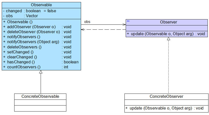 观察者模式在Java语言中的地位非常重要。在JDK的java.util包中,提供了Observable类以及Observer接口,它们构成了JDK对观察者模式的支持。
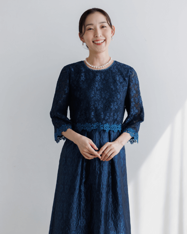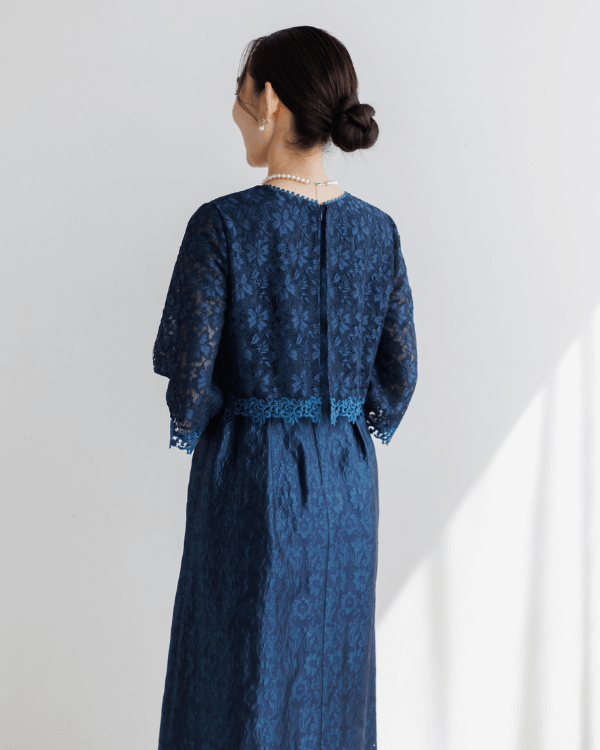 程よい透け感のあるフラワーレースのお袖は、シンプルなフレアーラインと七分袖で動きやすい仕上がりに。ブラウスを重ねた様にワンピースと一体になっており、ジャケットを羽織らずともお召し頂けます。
+ + + + +
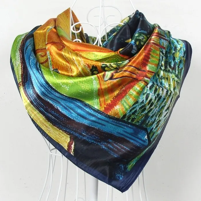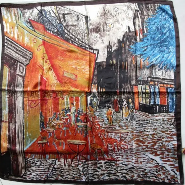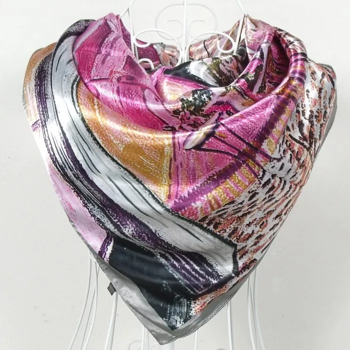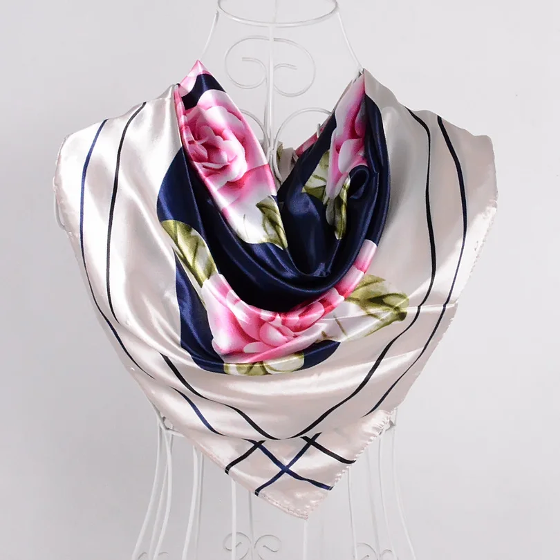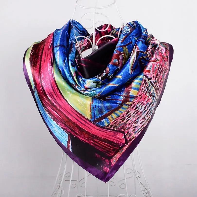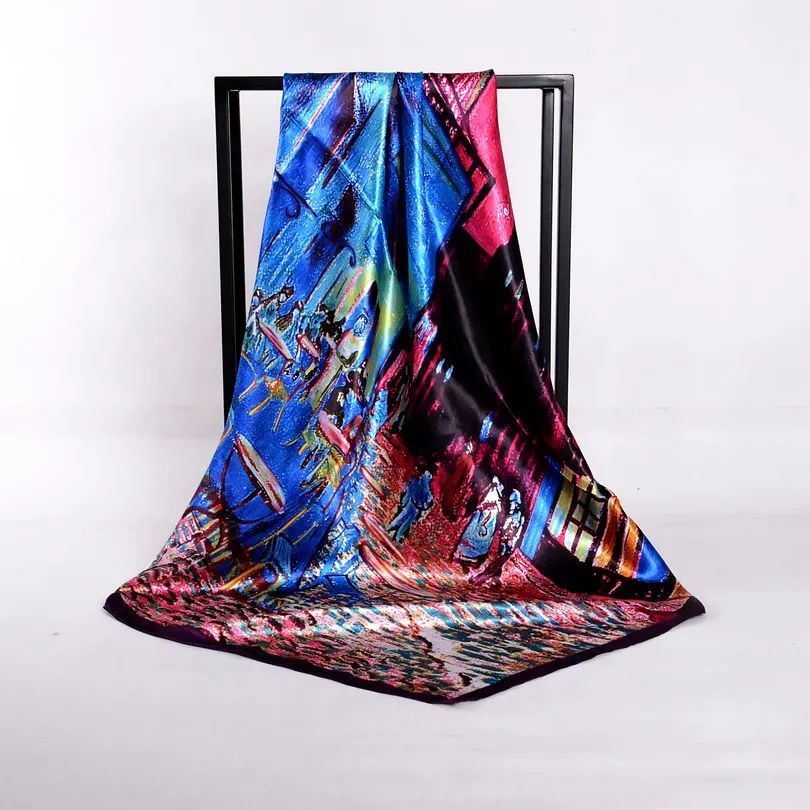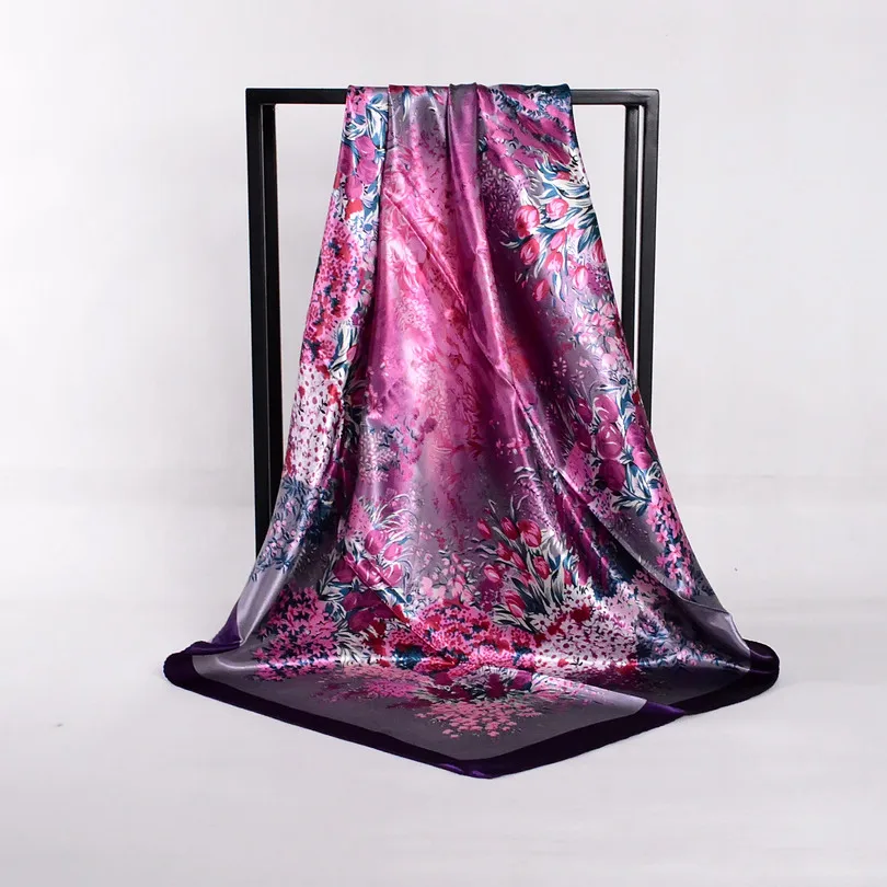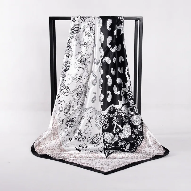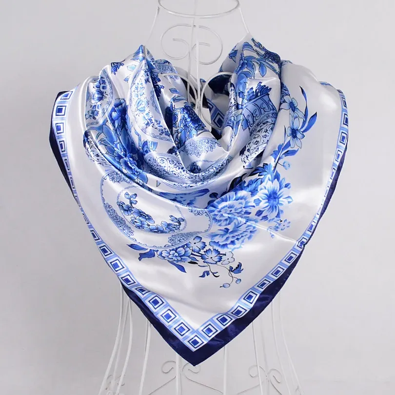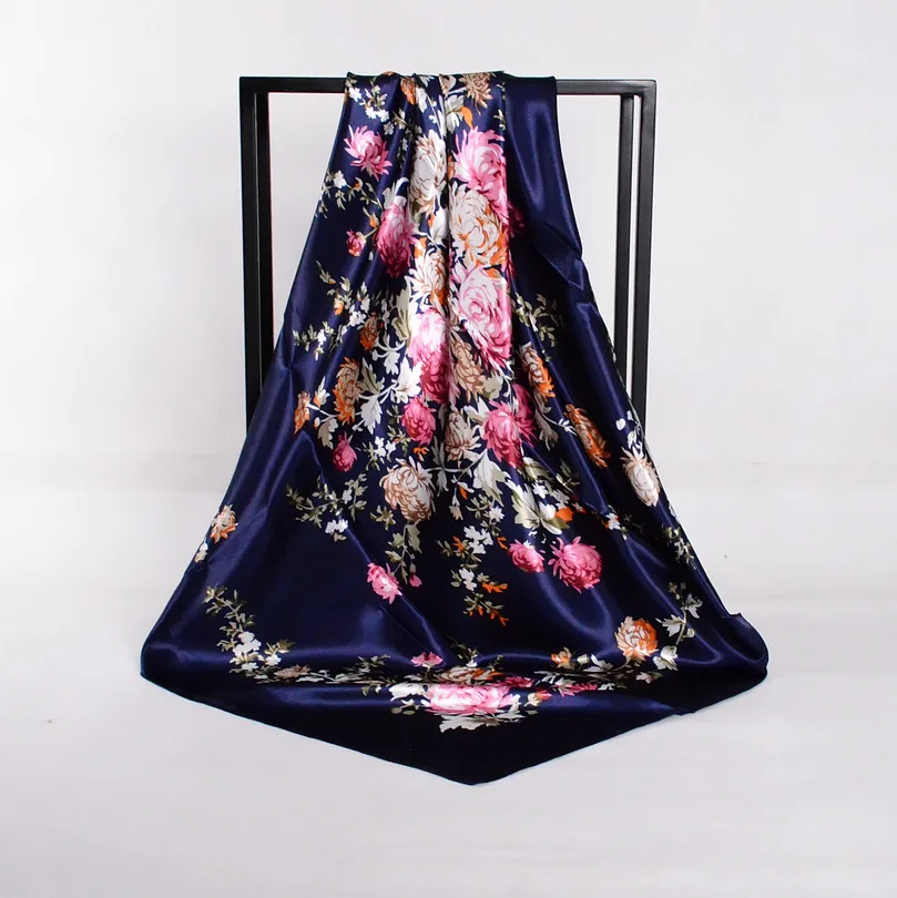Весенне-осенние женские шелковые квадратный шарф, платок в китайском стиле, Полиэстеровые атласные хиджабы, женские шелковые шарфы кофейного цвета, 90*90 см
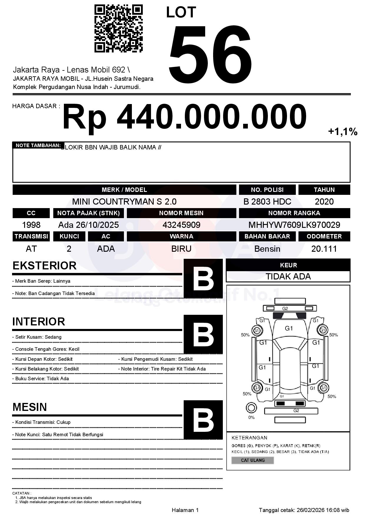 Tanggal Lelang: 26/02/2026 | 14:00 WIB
+ + + + +
Activity. Only the lines above starting with the line with "Весенне-осенние женские шелковые" and going on through the line with "Tanggal Lelang: 26/02/2026 | 14:00 WIB" belong in the answer; repeat them exactly, minus any picture.

Solution.
Весенне-осенние женские шелковые квадратный шарф, платок в китайском стиле, Полиэстеровые атласные хиджабы, женские шелковые шарфы кофейного цвета, 90*90 см
 Tanggal Lelang: 26/02/2026 | 14:00 WIB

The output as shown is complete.